I love the intergenerational mix that is happening. (If I had a magic wand, and all the decision-making power, I would built an atrium on the sunny side of our school and staff it with elders doing all kinds of things, including sitting by the window with their favourite pet.)

What liberation for all of us, that nobody’s work was assessed by numbers or rubrics or checklists. I didn’t have to fail anyone, even the ones who blew it off. I didn’t have to judge anyone’s oral presentation. I didn’t even tell them how they could improve their work. I was able to celebrate all their interests, and all the ways the chose to show their work. I made no mention of grammatical errors.

There was none of this: Can I hand it in tomorrow? I am not ready. When will you tell us our marks? Did I get an A? Was my mark higher or lower than hers? What’d you get?

I could just enjoy them, and they could just enjoy themselves, and it wasn’t for anything else but for the pure joy of it.

I even had a good laugh at a silly, slap-dash PowerPoint that two kids threw together. It was about nothing, but funny, and showed they hadn’t been using Genius Hour. (Of course I knew this already). Nobody’s parents are being called. It is entirely up to them to be accountable. Nobody will make them do it, help them get it done, tell them the answers. They will not squeak by. I hope they will start using it. I hope they saw all the fun we had, and reach higher, and I think they will.

I have to think hard and talk to my PLN on Twitter about when and how to push for higher and higher quality in terms of presentation and areas of study. But these students right now are just enjoying/learning/relearning what ‘for the love of it means’ and I am not ready to do anything at all to jeopardize the pure genius of what is happening.

3 thoughts on “Pure Genius (Hour)

  1. Oh, Kelley, I got chills reading this. YOUR genius and passion came through in this lovely post. Just wonderful! You have said so much of what I believe and think but haven’t been able to articulate. And the examples you share of your students work are just wonderful.

    Your last paragraph has some great thoughts. We are moving into unknown territory, aren’t we? We know it’s genius work, but a few students are not along just yet. Time will tell if we can engage them ALL. I also understand the desire to push for higher quality. Do we let them push themselves and each other? Or do we nudge? I have been known to push students to have richer topics, perhaps more than a nudge a time or two, but I don’t want “to jeopardize the pure genius of what is happening.” Thank you so much for sharing this wonderful glimpse into what genius hour is and can be, especially in secondary education.

    Sincerely,
    Denise

    P.S. May we leave a link to this post on our genius hor wiki testimonials page?

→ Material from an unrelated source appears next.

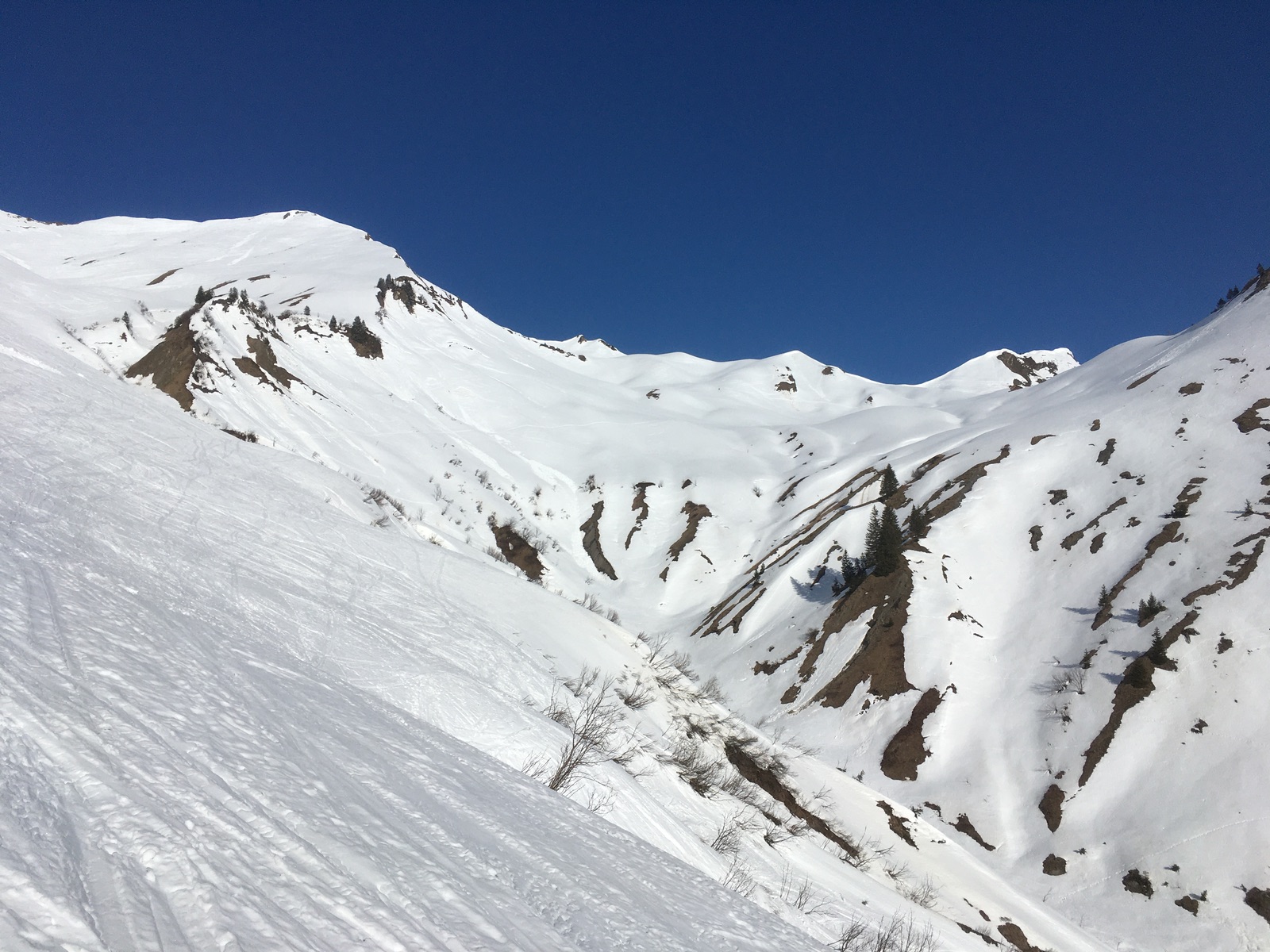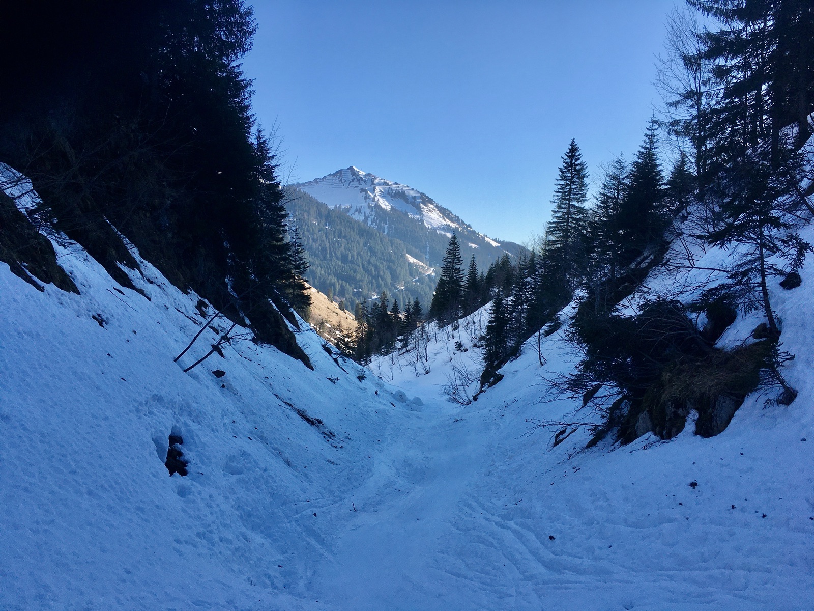 Bei Anstieg über die S-O-Route kommt man durch diesen Tobel (die meisten Lawinen sind schon unten; hier Blick zurück), wobei wohl auch ein Aufstieg oberhalb möglich ist:

  2. I can feel the exuberance, the satisfaction, and the passion your students and you have! This is what school should be – full of students and teachers passionate for learning! We’ll keep trying to engage those that are just following along, and they’ll know we want them to experience success, as well. 🙂

  3. One advantage in being retired from teaching is I no longer have to meet deadlines, attend meetings, study up on subjects, program lessons or mark work. With this freedom, I study up on subjects I choose, write comments on blogs as well as creating my own posts, set my own deadlines and attend meetings I choose. While I loved working with my students throughout the years and gained great satisfaction, what I now do also gives me satisfaction, all the more so because I have the choice of direction.

    I see the advantage in what you are trying to do with the students. You are allowing them some of the freedom I now have so they can know how it is to learn for the sake of learning and to set their own goals. Guidance may be necessary yet the reward will come as they leave with self-motivation so necessary if they want to continue studies at college.